Overall, he said, “my point of view is that we’ve got pretty good evidence that giving aspirin for 28 days is beneficial. I could eke that out to 3 months based on some slim evidence. But beyond 3 months, we really don’t have the evidence and we could be doing more harm than good.”

This is an important issue to work out because there are millions of people taking aspirin—with its potential complications—every day, Cleland said, noting that there are implications for drug development and the economics of healthcare as well. Companies are trying to develop new and improved antiplatelet drugs based on the perceived need for such treatment for secondary prevention.

“I think that we need to sort out whether people are chasing the right concepts, whether this is worth investing billions of dollars in,” he said.

This issue is part of a larger discussion about how therapies should be given to patients with cardiovascular disease, McEvoy said. “We’ve taken an approach, which is understandable, around new therapies being added to the approved guideline-recommended therapies at a given time. So it’s this kind of add-on approach.”

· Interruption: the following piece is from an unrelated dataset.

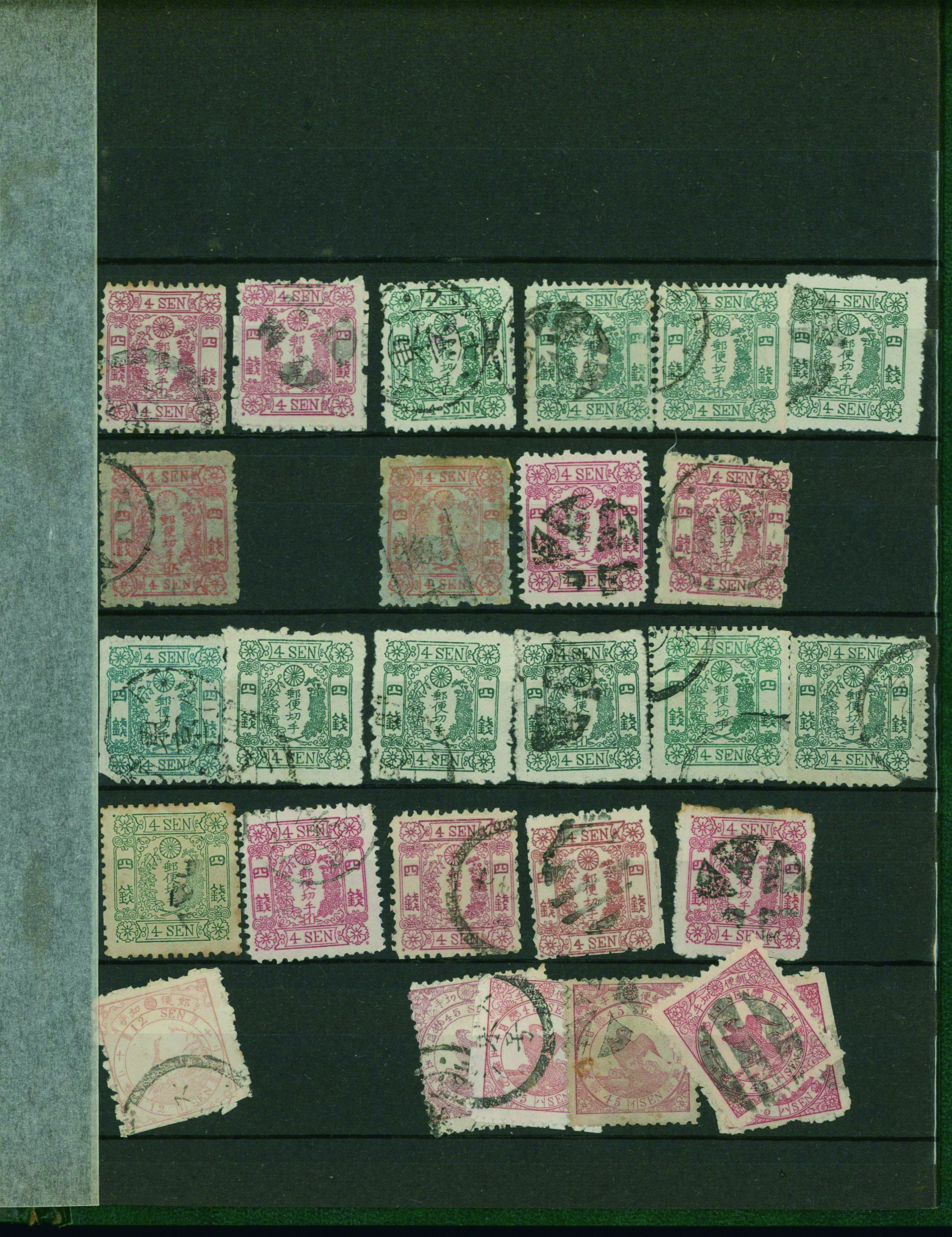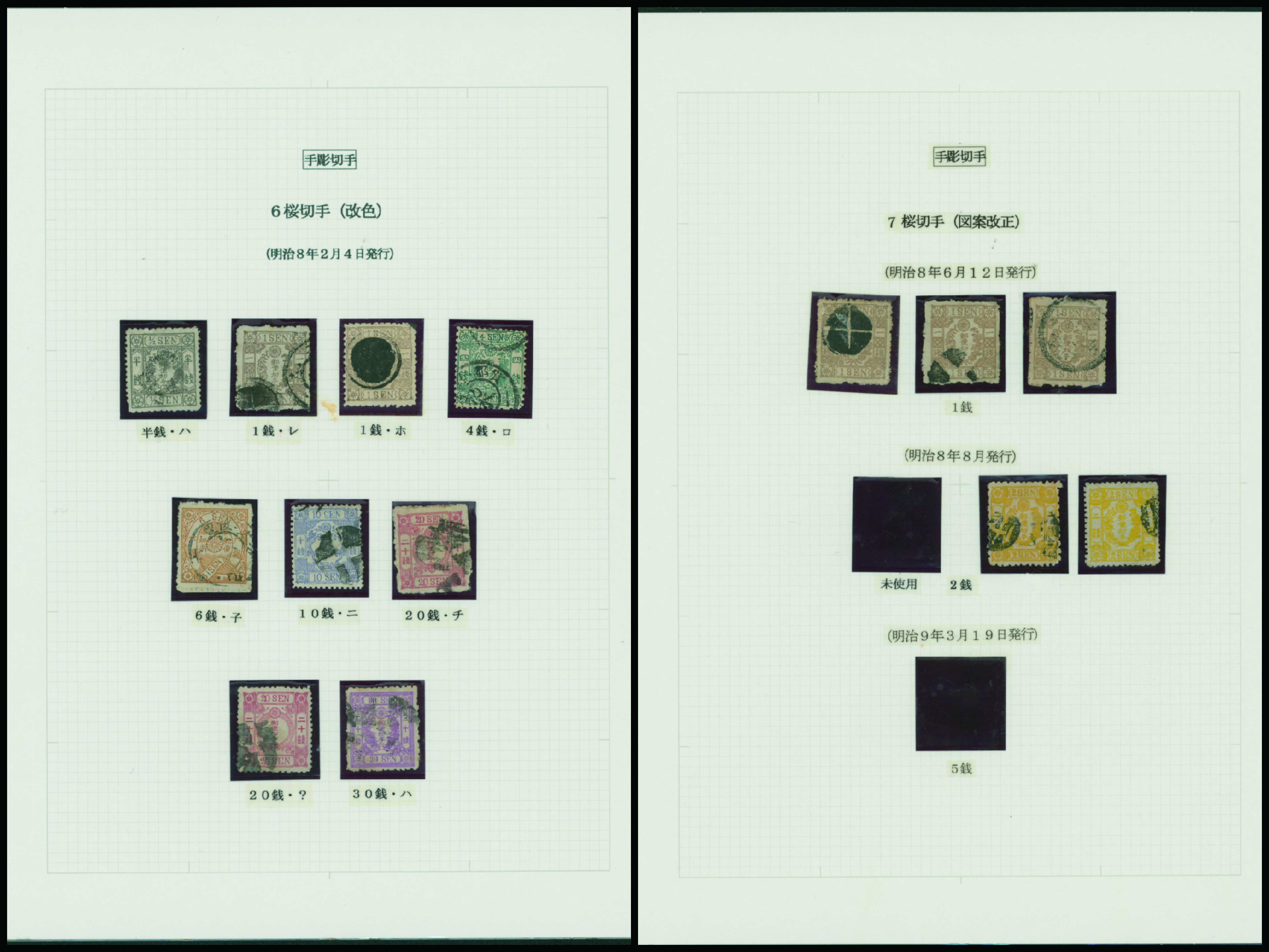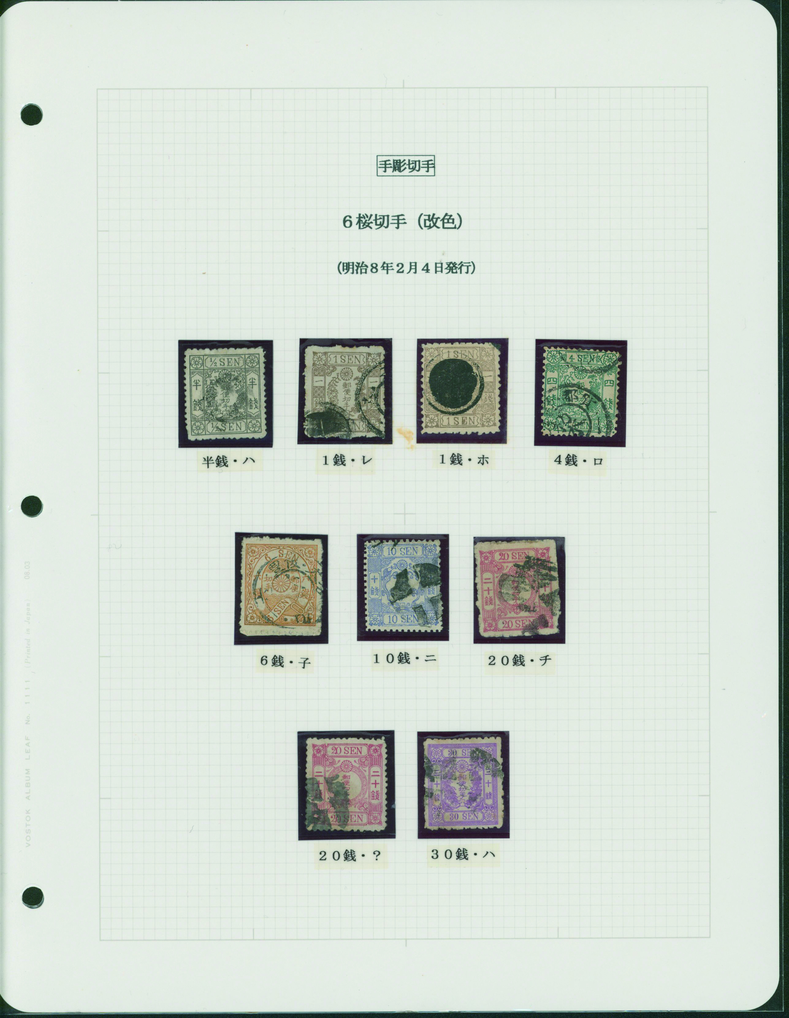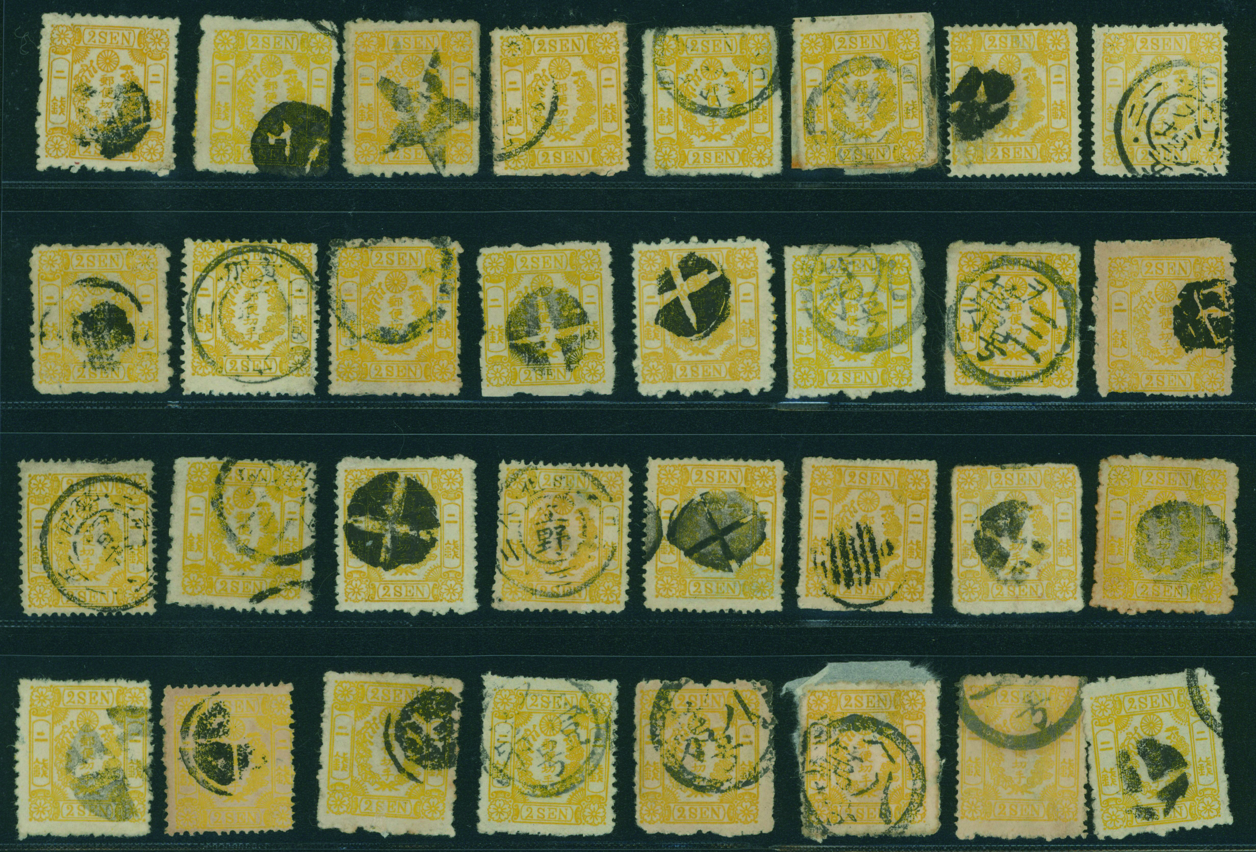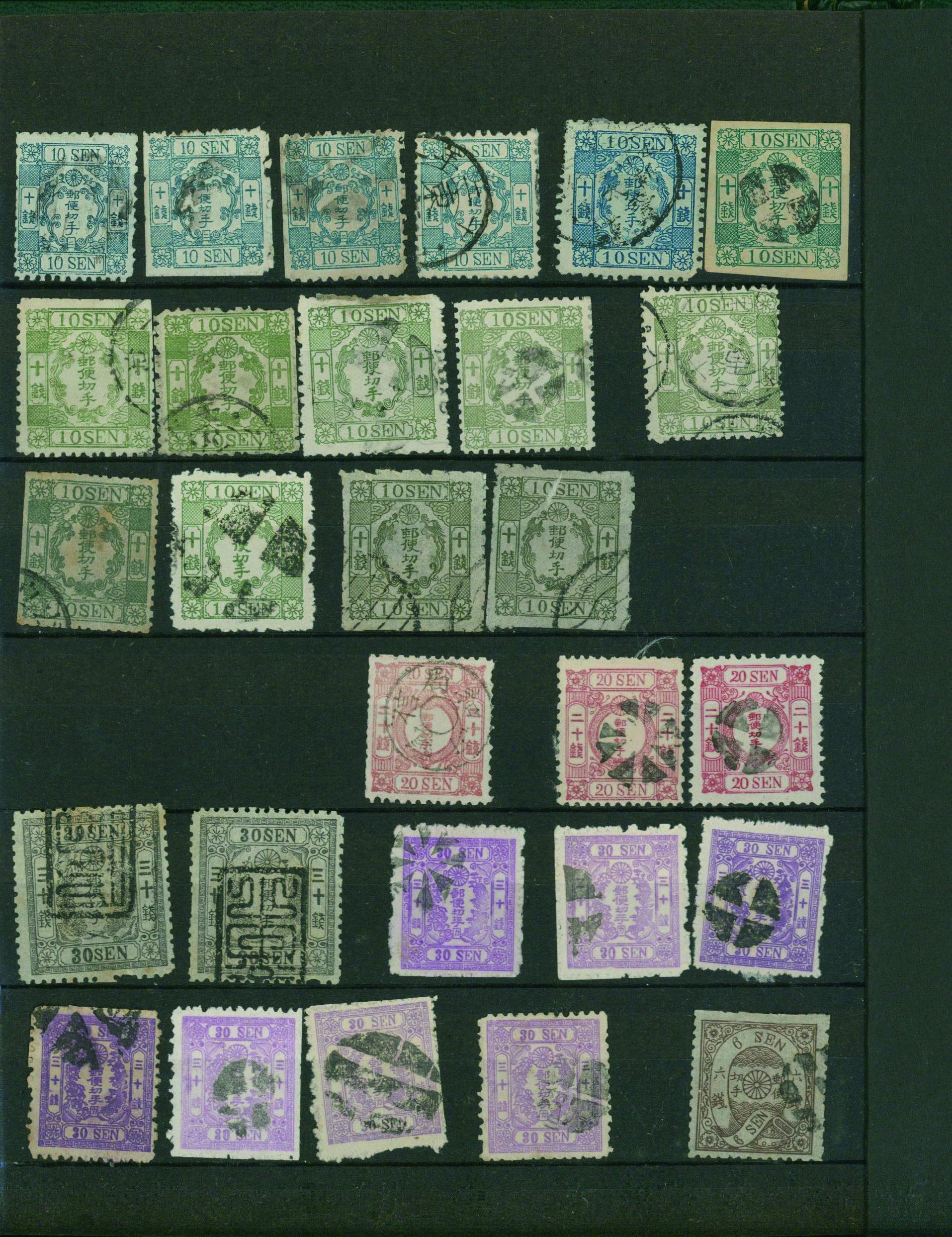 [済] 和桜松田半銭, 政府1銭, 政府2銭赤, 4銭, 洋桜1銭青カナ, 鳥12銭, 45銭, 改色桜半銭灰カナ, 4銭緑カナ, 6銭橙カナ, 10銭青カナ, 20銭赤カナ, ネギ5銭, 新小判8銭 など 済 35枚 多くが状態悪い手彫・桜切手24枚と、 満月印消しなど印影良好な小判・菊切手11枚

But, he continued, “there’s been increasingly a move to look at whether or not we can start to subtract in the context of modern therapy.”

In heart failure, for instance, patients are now being treated with up to six guideline-recommend medications. “And some of those medicines in the context of the newer add-on therapies may not be as effective as we once thought they were,” McEvoy said. “We need to think about not just adding on every time we have a new evidence-based medicine, but maybe [also] think about where we can do some subtraction.”